煌びやかな舞台装束と打って変わって地味な小袖に、志乃はヒタと寄り添った。
山吹大夫の肩の上の三吉は、背中を丸く膨らませて地付きの凄味をきかせる虎猫との睨み合いに夢中だったので、先刻のように野暮な邪魔立てをされずにすんだ。

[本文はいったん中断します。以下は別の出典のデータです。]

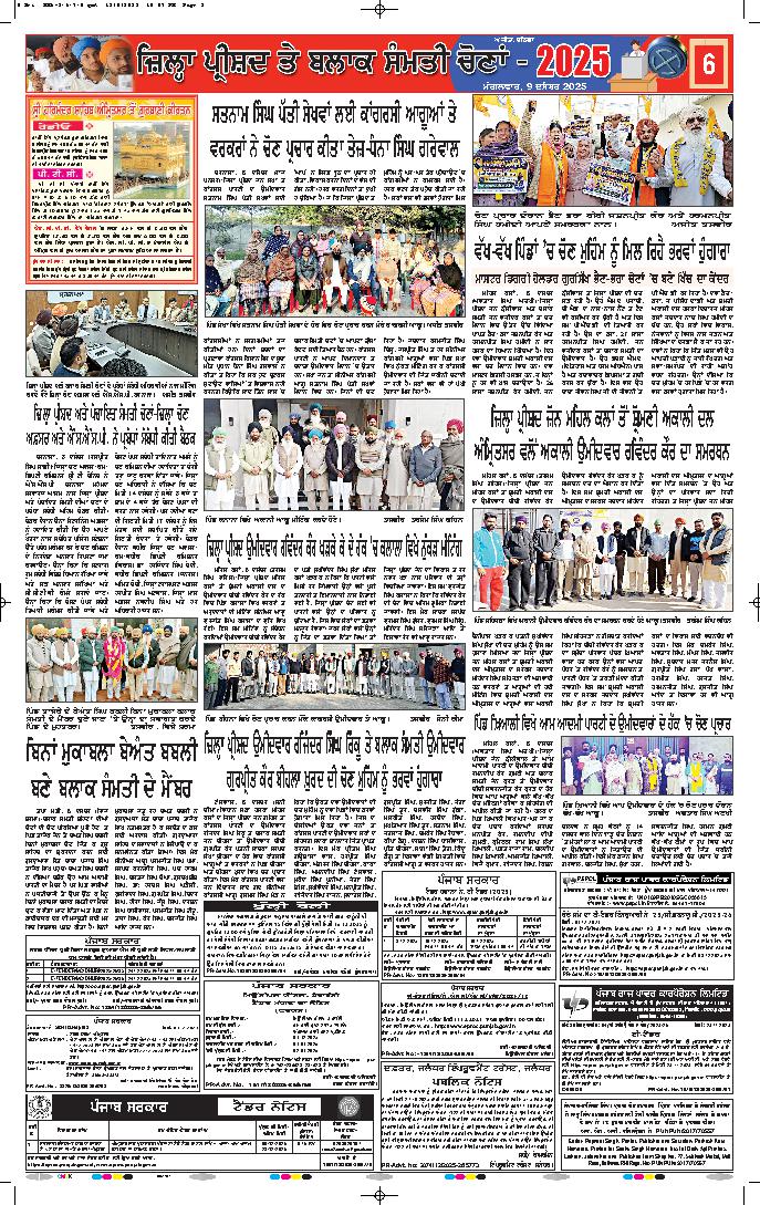 ਚੰਡੀਗੜ੍ਹ, 11 ਦਸੰਬਰ- ਸ਼੍ਰੋਮਣੀ ਅਕਾਲੀ ਦਲ ਨੇ ਰਾਜ ਚੋਣ ਕਮਿਸ਼ਨ ਨੂੰ ਇਕ ਪੱਤਰ ਲਿਖ ਕੇ 14 ਦਸੰਬਰ ਨੂੰ ਹੋਣ ਵਾਲੀਆਂ ਜ਼ਿਲ੍ਹਾ ਪ੍ਰੀਸ਼ਦ ਅਤੇ ਪੰਚਾਇਤ ਸੰਮਤੀ ਚੋਣਾਾਂ ਦੌਰਾਨ ਵੋਟਾਂ ਪਾਉਣ ਲਈ...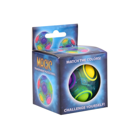 Korosztály: 3 - 14 év Félig átlátszó varázs puzzle labda Játékosok száma: 1 játékos, Korosztály: 3 éves kortól ajánlott. Ez a félig átlátszó varázs puzzle labda gyermekei kedvence lesz. Ez egy nagyszerű stresszoldó játék, és serkenti gyermekei gondolkodását. A labdán kis lyukak és speciális többszínű golyók vannak, amelyeknek a megfelelő lyukakba kell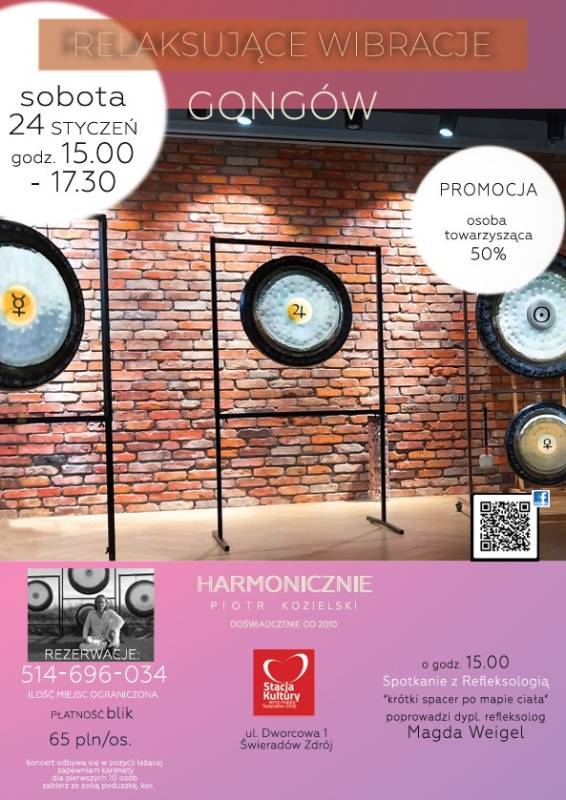 W sobotę 24 stycznia zapraszamy na wyjątkowe spotkanie z dźwiękiem gongów, które wprowadzają w stan głębokiego relaksu i wyciszenia. Wibracje instrumentów działają na ciało i umysł, sprzyjając regeneracji, redukcji stresu i odzyskaniu wewnętrznej równowagi.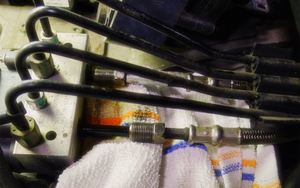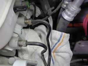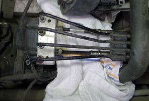 - Clean the areas around the master cylinder and ABS module and put shop rags under the brake lines.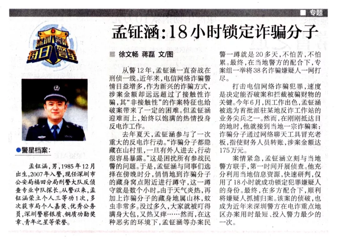 每日警星 | 孟鉦涵:18小時(shí)鎖定詐騙分子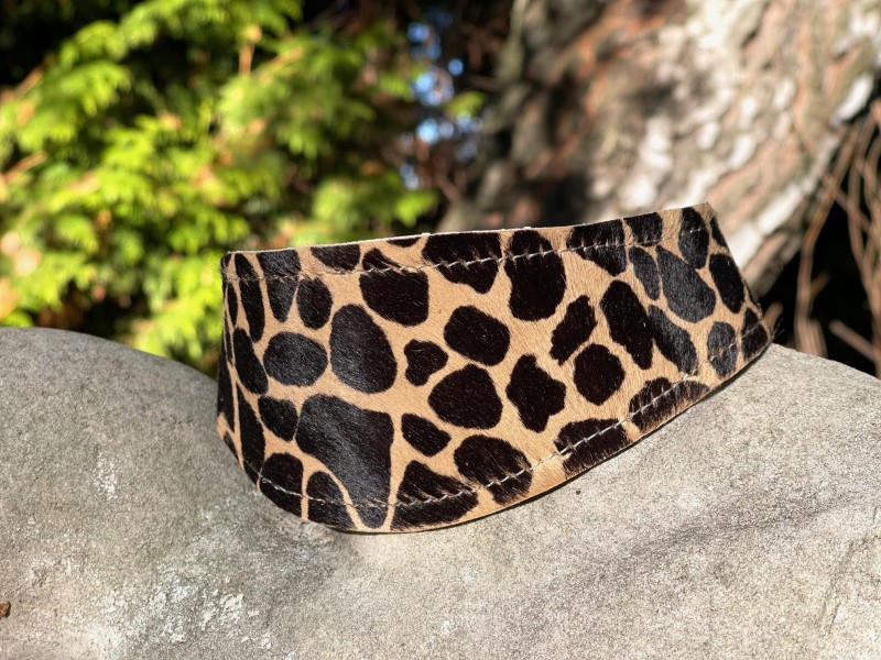 Obroża z włoskiej skóry ,z delikatnym włosem,

志乃の目から見れば、寄り添われた山吹大夫も、まんざらでもなさそうである。
両者の間にほのかな気が通い、いましも指先が触れ合おうかというときだった。
――アリャリャ―ッ!
甲高い奇声を発しつつ、金物問屋のかげから黒い覆面の武士が躍り出て来た。
「あっ、上野弥兵衛!」
叫びながら志乃はくノ一の本能から自然に両手を広げて山吹大夫を守っていた。
とっさに手を払い除けた山吹大夫は、逆に、志乃の前に大きく立ちはだかった。
――あら、いけない。山吹大夫さまも忍だったんだっけ。
女だてらに出過ぎたかたちの志乃は、ヒョコッと肩をすくめた。
大上段から振り下ろされた刀を、山吹大夫はヒラリと身軽にかわす。
同時に、いつの間にか抜いた懐刀を下から最短距離ですくい上げる。
その懐刀が、ザッと音を立てて、賊の袴を真っ二つに切り裂いた。
裂け目から剥き出しになった脛に、三吉がガブリと食らいついたから堪らない。
――いてててっ!
「覚えていやがれ」
賊は捨て台詞を吐いて退散した。
「三吉、よくやったな」頭をやさしく撫でてやりながら山吹大夫は志乃に告げた。
「あやつは大御所さまの息がかかった柘植一党の伊賀忍者で、たしか鳶丸とか申す悪党でございますよ」
俊敏な身ごなし。
鷲のような視線。
巧みな人心掌握術……。
ただものには見えなかったが、やっぱりそうだったのか。志乃は心から納得し、身体を張って庇ってくれた山吹大夫への慕情を、いっそう激しく掻き立てさせた。
だが、猿楽師の本業は旅にある。
翌日、名残を惜しむ志乃をひとり置き去りにして、猿楽師・山吹大夫と猿の三吉の一行は、いずこへともなく旅立って行った。